Records to use:

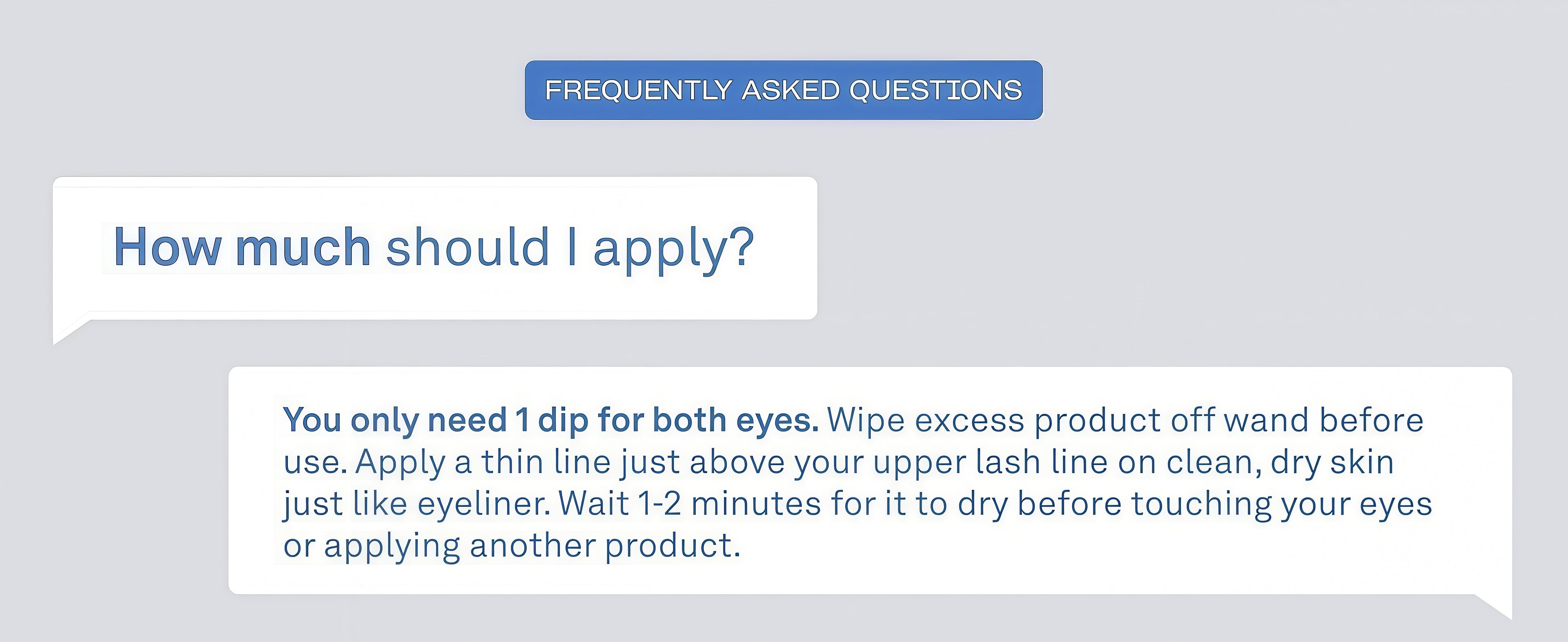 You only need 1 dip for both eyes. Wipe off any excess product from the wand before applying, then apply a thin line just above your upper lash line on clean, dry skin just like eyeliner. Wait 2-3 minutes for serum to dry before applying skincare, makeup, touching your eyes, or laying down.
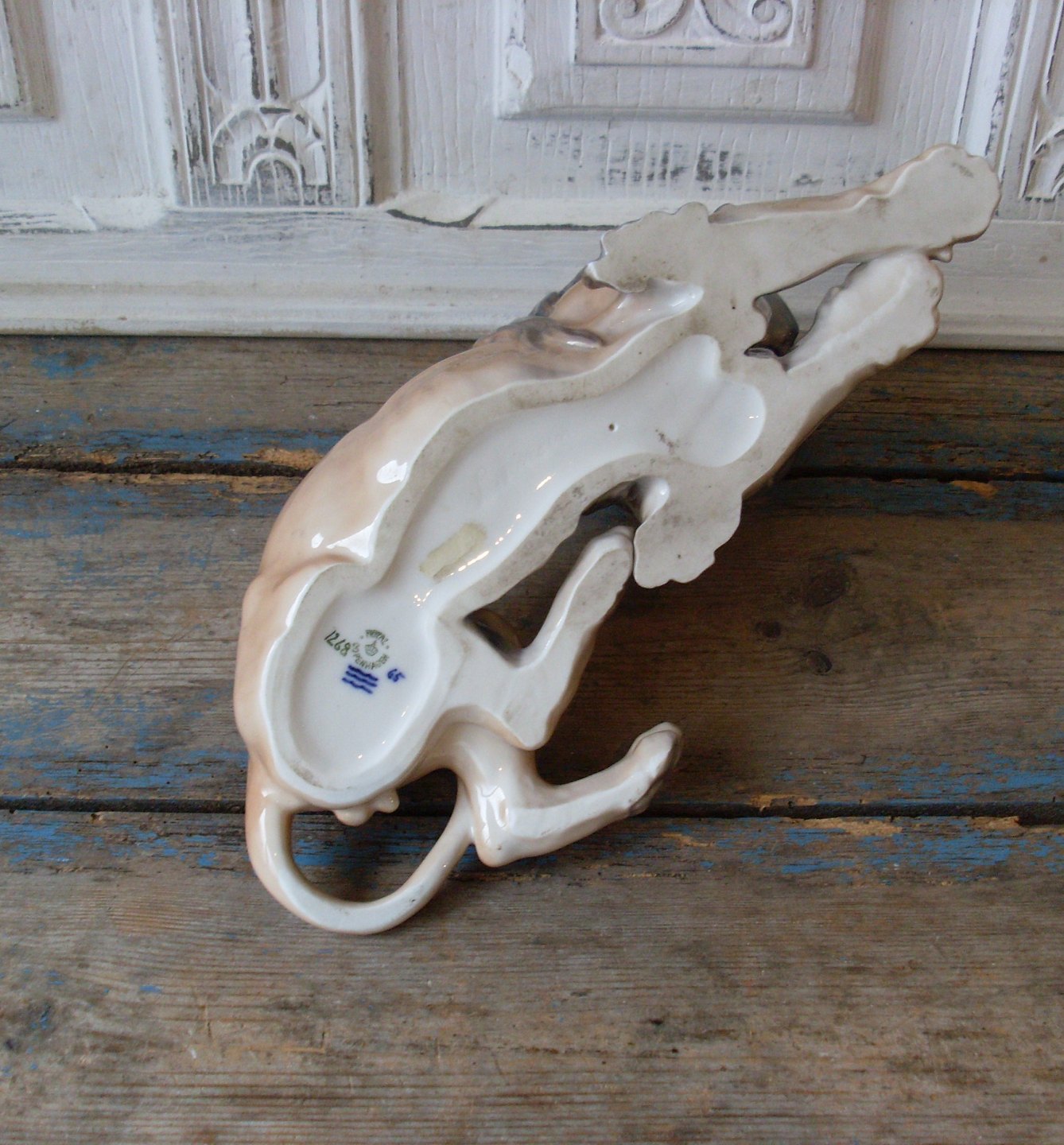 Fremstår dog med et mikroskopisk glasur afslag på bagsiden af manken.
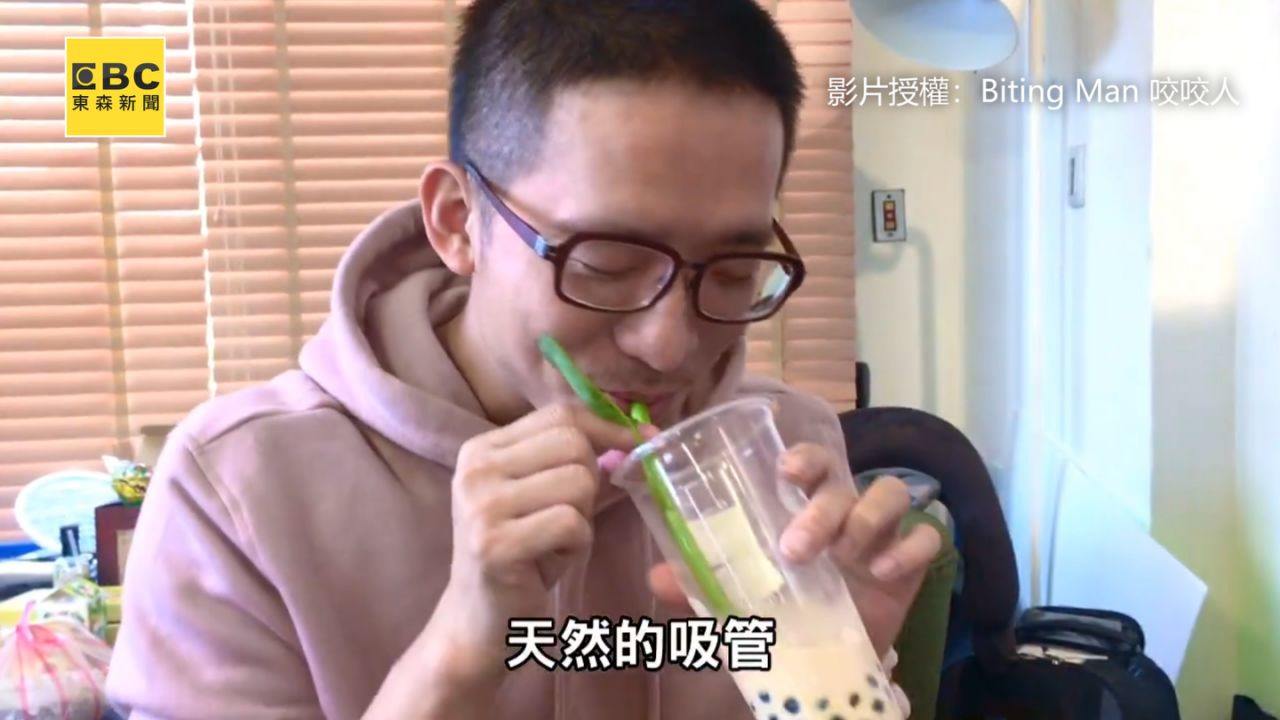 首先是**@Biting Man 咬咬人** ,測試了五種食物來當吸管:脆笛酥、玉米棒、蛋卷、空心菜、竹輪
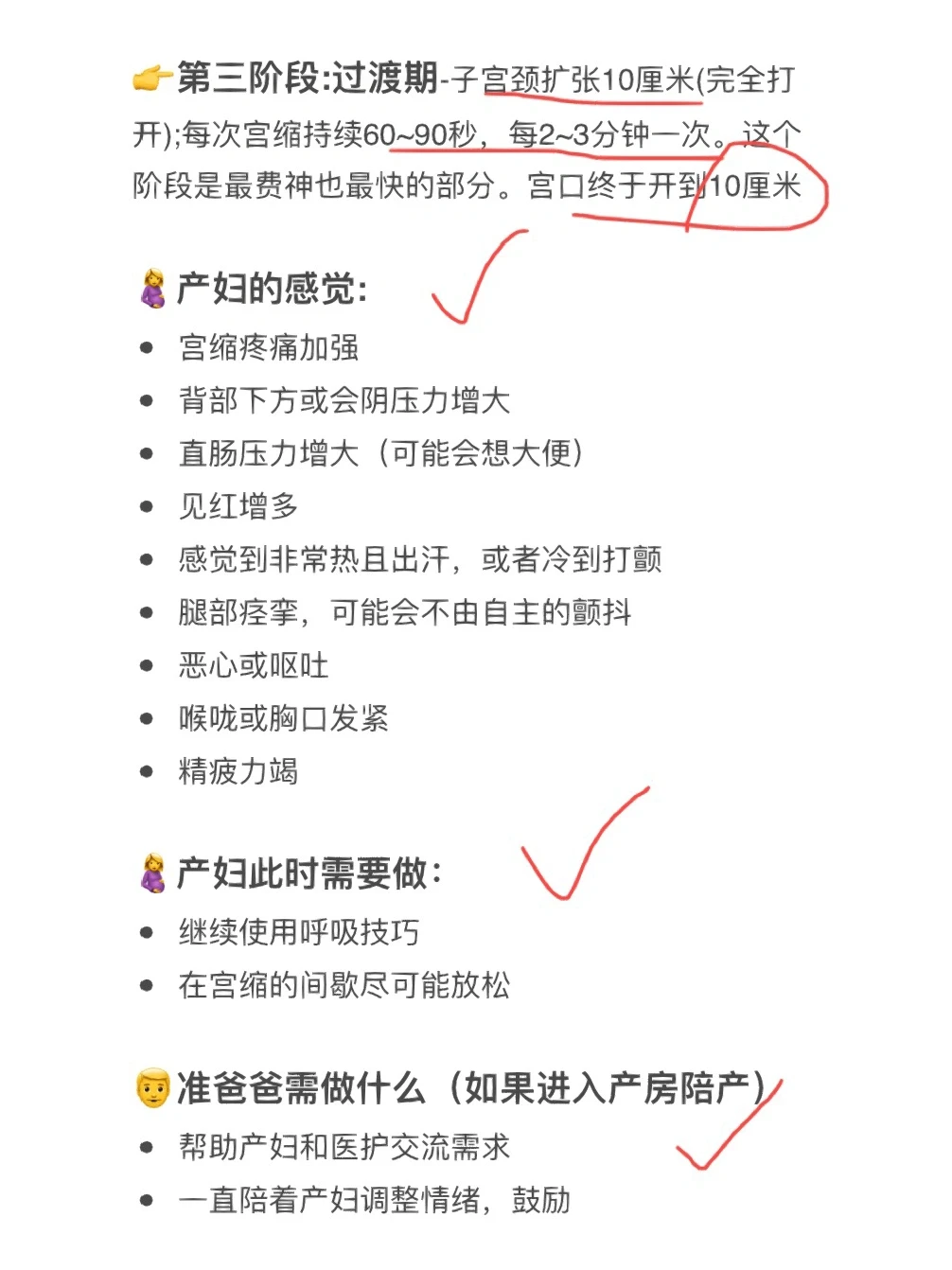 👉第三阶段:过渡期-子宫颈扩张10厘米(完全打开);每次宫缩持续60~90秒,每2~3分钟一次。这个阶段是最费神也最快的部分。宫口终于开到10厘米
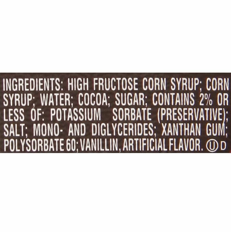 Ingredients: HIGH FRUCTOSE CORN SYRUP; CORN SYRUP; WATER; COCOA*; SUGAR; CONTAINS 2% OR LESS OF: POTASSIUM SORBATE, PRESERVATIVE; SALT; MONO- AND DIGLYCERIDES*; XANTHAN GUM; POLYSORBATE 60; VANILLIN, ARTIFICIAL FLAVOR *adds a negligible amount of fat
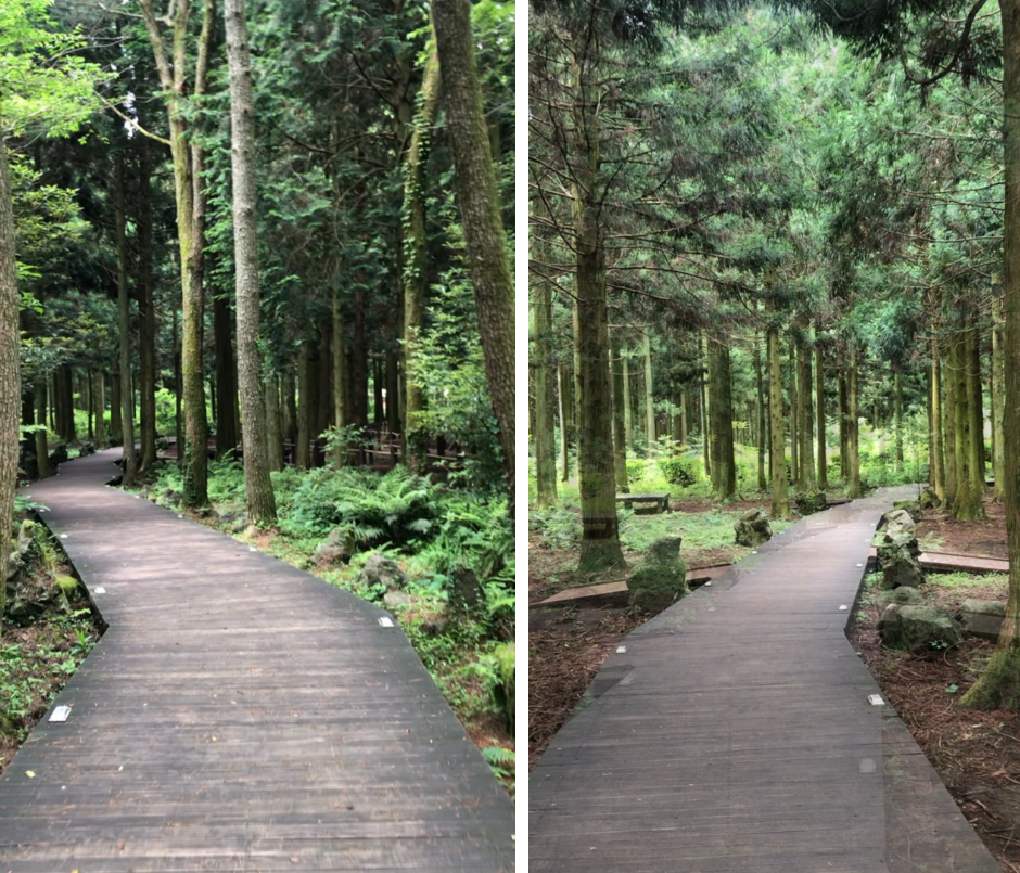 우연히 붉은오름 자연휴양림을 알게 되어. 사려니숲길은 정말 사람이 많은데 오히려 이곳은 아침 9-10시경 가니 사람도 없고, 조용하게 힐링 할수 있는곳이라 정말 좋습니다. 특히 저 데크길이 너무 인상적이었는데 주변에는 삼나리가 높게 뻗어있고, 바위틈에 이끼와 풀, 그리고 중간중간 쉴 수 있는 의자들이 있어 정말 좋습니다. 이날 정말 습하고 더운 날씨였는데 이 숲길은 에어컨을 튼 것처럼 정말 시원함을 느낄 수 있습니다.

Task to carry out:
Output every entry above exactly, minus the pictures.

Answer below:
 You only need 1 dip for both eyes. Wipe off any excess product from the wand before applying, then apply a thin line just above your upper lash line on clean, dry skin just like eyeliner. Wait 2-3 minutes for serum to dry before applying skincare, makeup, touching your eyes, or laying down.
 Fremstår dog med et mikroskopisk glasur afslag på bagsiden af manken.
 首先是**@Biting Man 咬咬人** ,測試了五種食物來當吸管:脆笛酥、玉米棒、蛋卷、空心菜、竹輪
 👉第三阶段:过渡期-子宫颈扩张10厘米(完全打开);每次宫缩持续60~90秒,每2~3分钟一次。这个阶段是最费神也最快的部分。宫口终于开到10厘米
 Ingredients: HIGH FRUCTOSE CORN SYRUP; CORN SYRUP; WATER; COCOA*; SUGAR; CONTAINS 2% OR LESS OF: POTASSIUM SORBATE, PRESERVATIVE; SALT; MONO- AND DIGLYCERIDES*; XANTHAN GUM; POLYSORBATE 60; VANILLIN, ARTIFICIAL FLAVOR *adds a negligible amount of fat
 우연히 붉은오름 자연휴양림을 알게 되어. 사려니숲길은 정말 사람이 많은데 오히려 이곳은 아침 9-10시경 가니 사람도 없고, 조용하게 힐링 할수 있는곳이라 정말 좋습니다. 특히 저 데크길이 너무 인상적이었는데 주변에는 삼나리가 높게 뻗어있고, 바위틈에 이끼와 풀, 그리고 중간중간 쉴 수 있는 의자들이 있어 정말 좋습니다. 이날 정말 습하고 더운 날씨였는데 이 숲길은 에어컨을 튼 것처럼 정말 시원함을 느낄 수 있습니다.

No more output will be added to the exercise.